『息』
書籍情報:JPO出版情報登録センター
※書籍情報の無断転載を禁じます
【聞きたい。】小池水音さん 『息』
[文] 海老沢類(産経新聞社)
■傷と痛みでつながる家族
別れや喪失の痛みを、考え抜かれた端正な文章で紡ぐ。熱心に読んできた現代の海外文学を滋養に、普遍的な題材に挑み続ける新人が初の小説集を出した。
「海外文学には、ありふれたものに包摂されるきらめきを、そのまま取り出したような作品もある。あのようなものを自分でも書くことができたら大きな喜びだなあと」
今年の三島由紀夫賞候補に選ばれた表題作は、語り手の女性「わたし(=環(たまき))」が15年ぶりに喘息(ぜんそく)の発作に見舞われるシーンから始まる。同じように喘息持ちだった環の弟は、10年前に20歳を目前にして命を絶っていた。以来、父は職探しをやめて家にひきこもり、脱法ハーブにも手を出す。母は憔悴(しょうすい)しながらも家庭を守る。環も、生死のはざまにいるような弟の姿を夢で見続ける…。それぞれに傷と後悔を内に抱えて生きてきた、残された者の10年とその後がつづられる。
作家の実体験が根底にある。子供のころ喘息に苦しみ、大学生時代には姉を亡くした。「亡くなった人を悼む小説やエッセーを読みこみ、大学で研究するようになった」。物語では、弟が亡くなった日へと時間をさかのぼっていく語りが印象的。家族は辛い記憶に立ち戻り、傷や苦しみを介して、少しずつつながっていくのだ。

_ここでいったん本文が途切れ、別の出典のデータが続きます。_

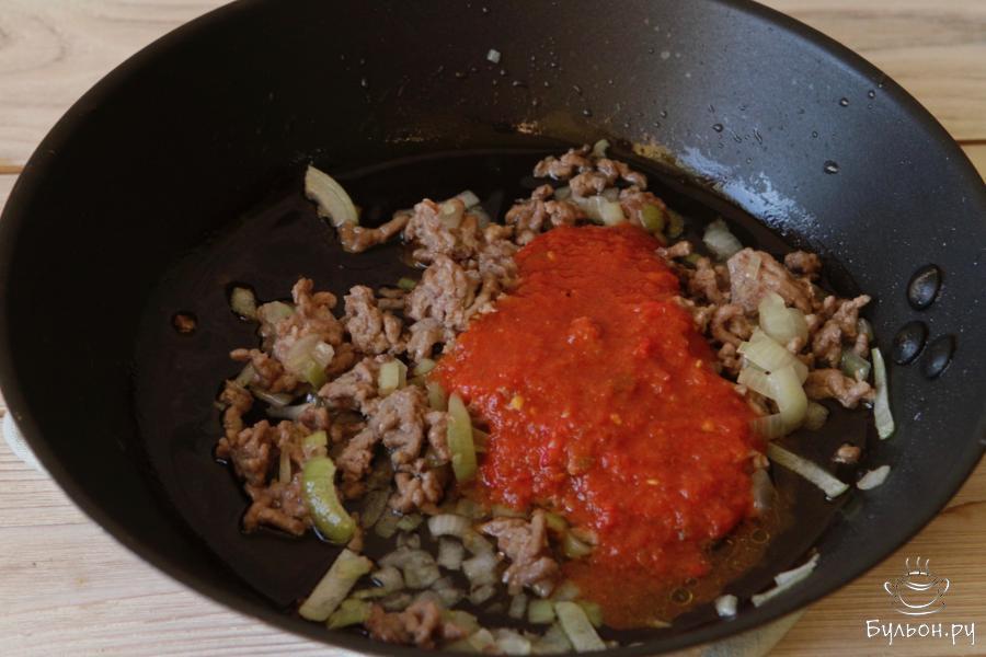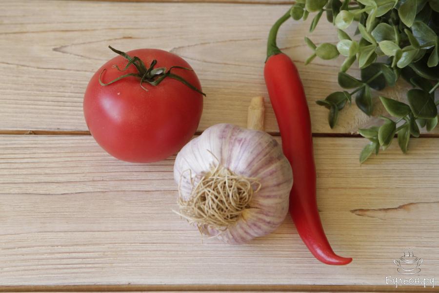 5. Помидор ошпарить, снять кожуру, перец нарезать на дольки, чеснок почистить. Пробить все блендером и добавить к мясу. Потушить пару минут.
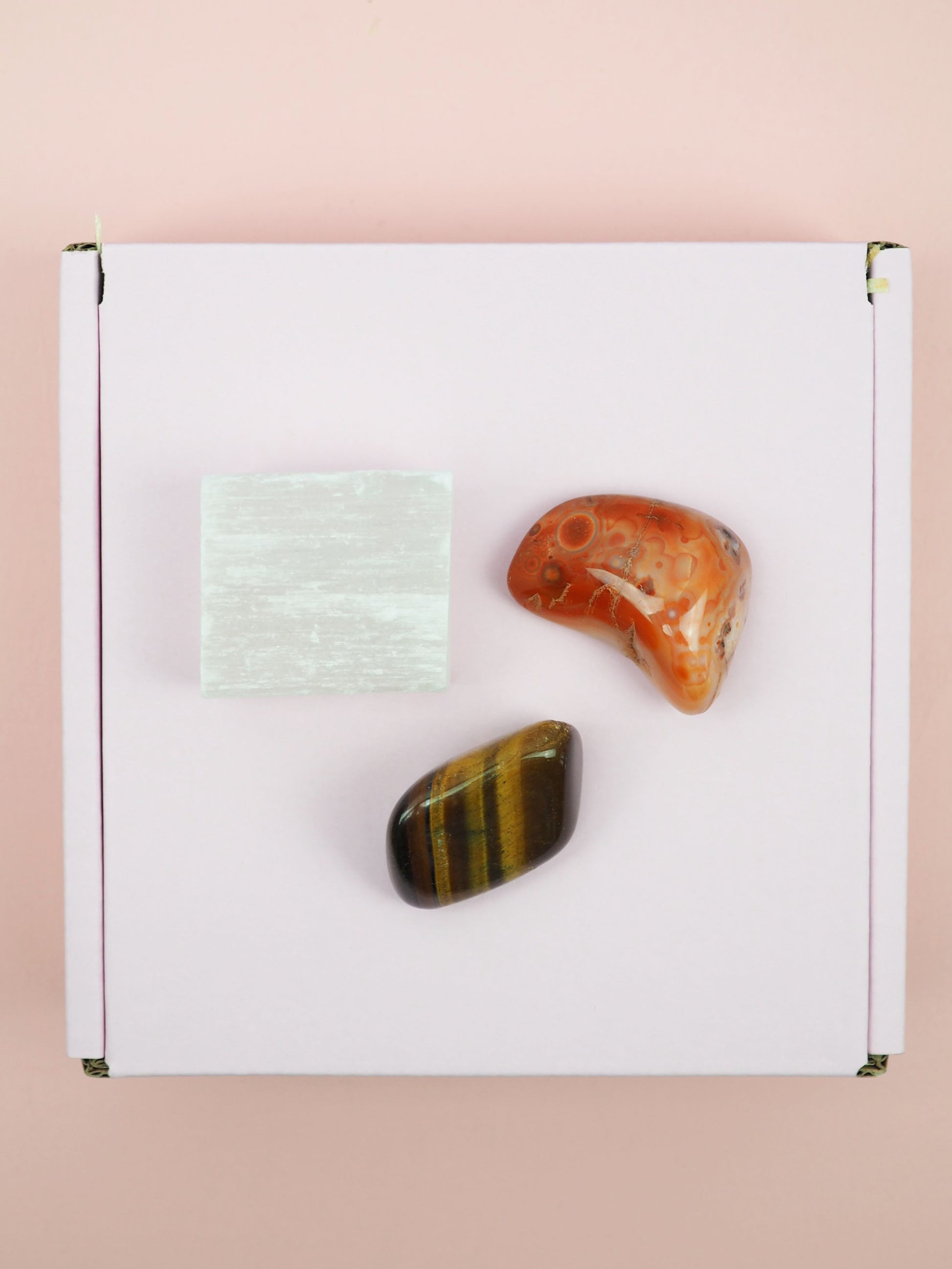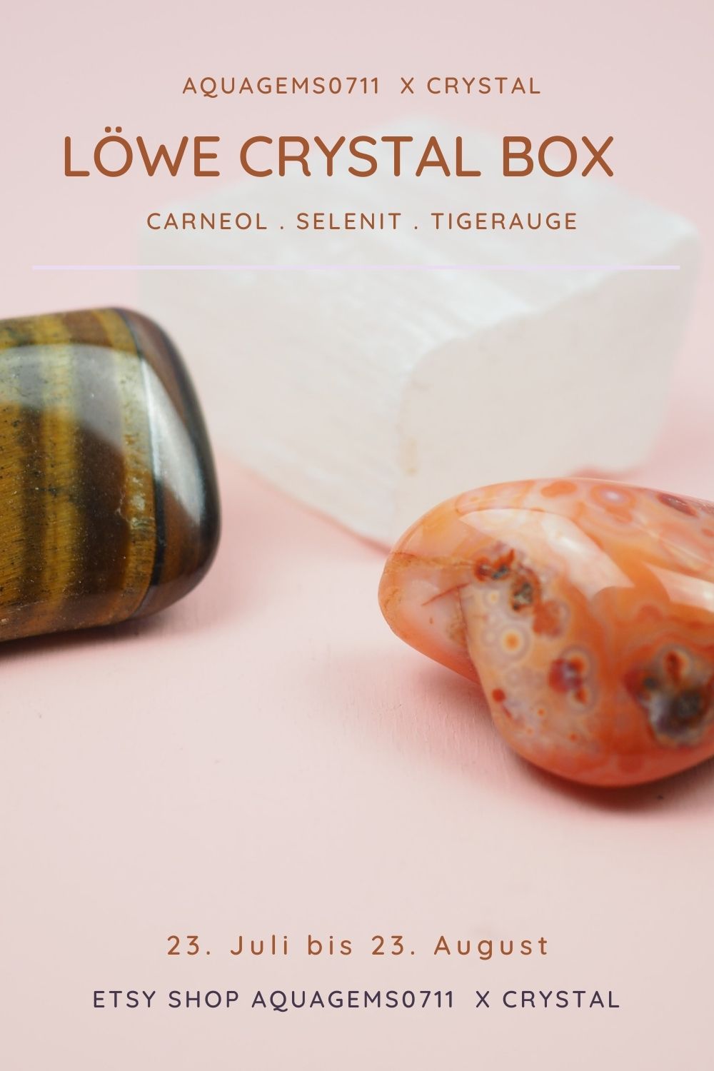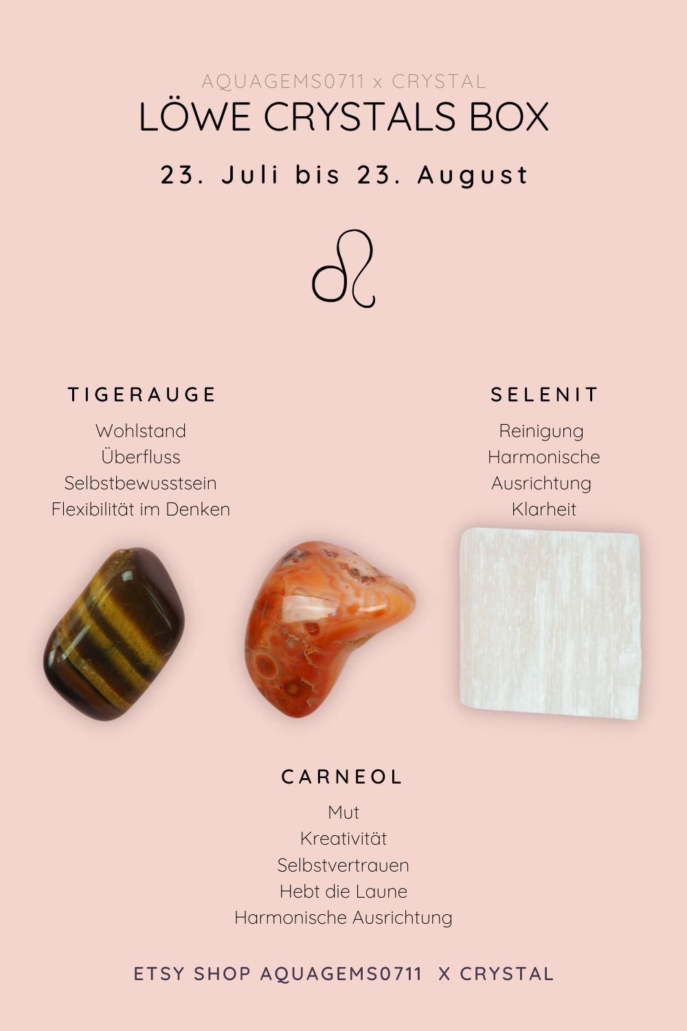 Premium Geschenk Set für Sternzeichen Löwe. Tigerauge, Karneol, Selenit. wunderschön verpackt in einer Rosa Box.

「新たな痛みを伴う何かでしか癒やされないような傷もあると思うんです。記憶や想像力は脆弱(ぜいじゃく)だけれど、それでしか亡くなった人には到達しえない。苦しい時間が嵩(かさ)としてたまることで初めて透(とお)る光、みたいなものが見られたら」
ライフスタイル誌の編集者として働きながら、就寝前の30分から1時間を執筆に割く。「毎日、原稿用紙で2枚分は書こうと。でも結局、翌日には書いたものを全部なかったことにする繰り返しで…」。吸っては吐き、吐いては吸う。息と同じように、小さな点の積み重ねが線となり物語が生まれる。(新潮社・2090円)
海老沢類
◇
【プロフィル】小池水音
こいけ・みずね 平成3年、東京都生まれ。慶応大卒。令和2年、本書に併録された「わからないままで」で新潮新人賞を受けてデビューした。